The very first blogger?

You might ask who was the first blogger. Quite by chance, on holiday and looking for something to read in a pile of books in a rented apartment, I came across a book I had always wanted to read – the essays of Montaigne. Sporadically I had come across references to it and they had often seemed intriguing. But I had never read it. Now was my chance.

I immediately realised that these essays (essais = tries) of Montaigne were in fact nothing but blogs; fairly lengthy blogs perhaps but nonetheless blogs. Each essay addresses a subject and tells us what Montaigne knows about it. Sometimes that isn't very much; at other times we get many pages. Always there are many quotations from the classical authors such as Senecca, Horace Virgil etc. But what makes the reading worthwhile are the opinions expressed: always positive and clear and often saying things that are as relevant today as when they were first written over 400 years ago. A single sentence will leap out of the page with a quintessential curtain-lifting thought. It is Montaigne's opinions that I am going to comment on in this and following blogs. I know that over the centuries many people have have written about Montaigne, so I don't expect to produce anything that is new. But Montaigne's own introduction to his essays starts “my sole purpose in writing this book has been a private and domestic one”. In that spirit I am simply recording my immediate reaction to some of his essays, to help me (and maybe a reader or two of these blogs) understand how they might have meaning today.

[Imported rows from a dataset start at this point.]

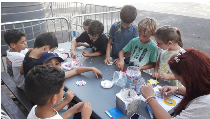
Atelier perles à repasser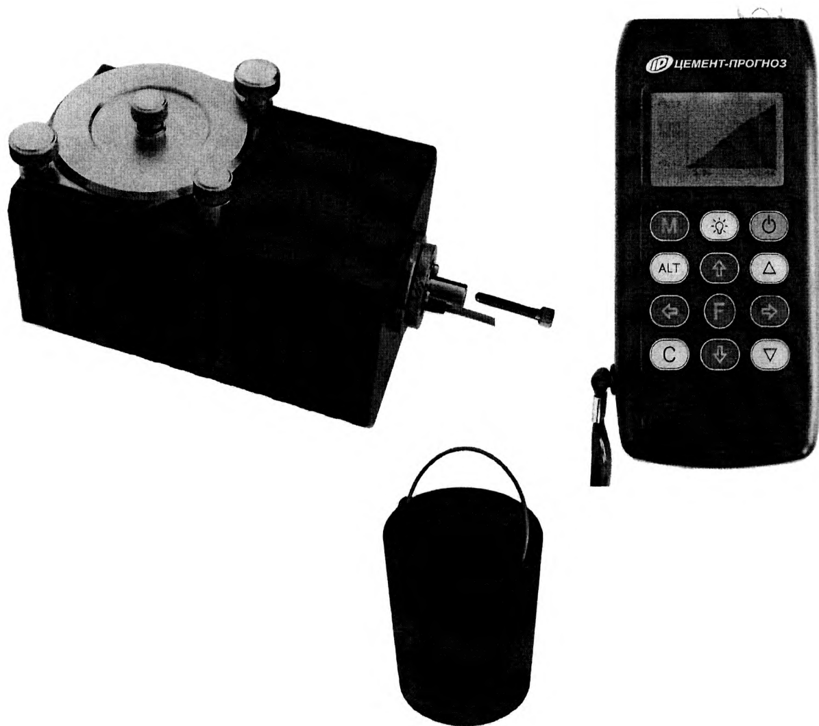
Рисунок 3— Общий вид прибора модификации ЦЕМЕНТ-ПРОГНОЗ-1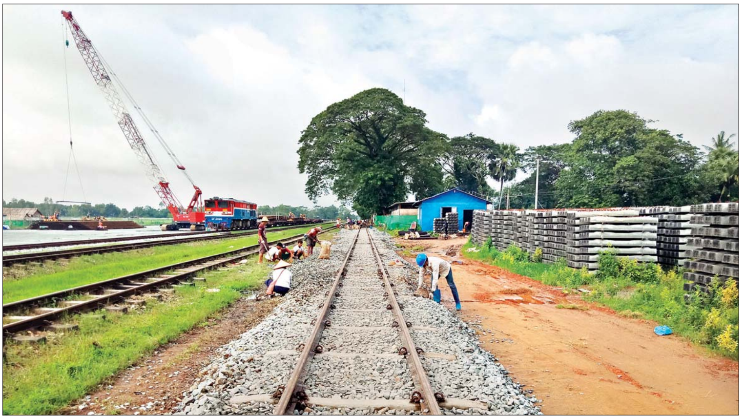
ရထားသံလမ်းများ ပြုပြင်ထိန်းသိမ်းရေးလုပ်ငန်းခွင်တစ်ခု။

အစိုးရအဖွဲ့အစည်းနဲ့ ဝန်ကြီးဌာန စုစုပေါင်း ၄၅ ခုက သတင်းအချက်အလက် စုစုပေါင်း ၁၁၀၀၀ ကျော်ကို လွှင့်တင်ထားပါတယ်။ ဆက်လက်ပြီး Application Program Interface (API) ပိုပြီး ချိတ်ဆက်လာနိုင်အောင်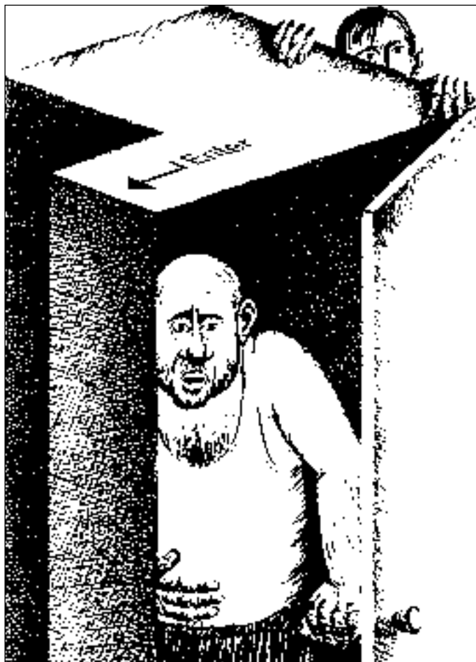
Иллюстрация Евгения КАПУСТЯНСКОГО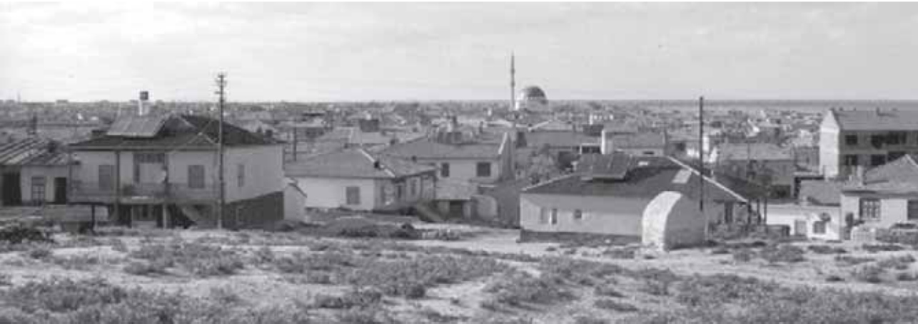
Gölyazı Kasabası (Xelîkê Jêr)'ndan bir görüntü

Halikanların kökenine ilişkin olarak burada bazı kaynaklardan aktardığımız ve Halikanların Revanduz yöresinden geldiği ya da eski uygar kavim Haldilerle bağlantılı

The edition of the essays that I found was the Penguin Classics one: Michel de Montaigne, Essays Translated with an Introduction by J M Cohen (1958). This is only a partial edition of about 1/3 rd of the essays, but certainly adequate for me to get started. The essays were published in three books, additions being added in each successive edition. You can download the complete works, in a 19th century translation, from Project Gutenberg. This is often heavier going than the Cohen version; 19th century English can be rather elaborate. But it does have some exquisite translations such as: “a man's accusations of himself are always believed; his praises never” which in Cohen is the more leaden “what [a man] says in his disfavour is always believed, but when he commends himself he arouses distrust”.

There are certainly sections of the essays that strike no chords with me: a comparison of Seneca and Plutarch or an analysis of the strengths of Tacitus. But leaving these aside there is much that seems of relevance today, even if you have to take account of social context. I'll try in a few brief blog entries to point out some of the Montaigne's thoughts that I find intriguing.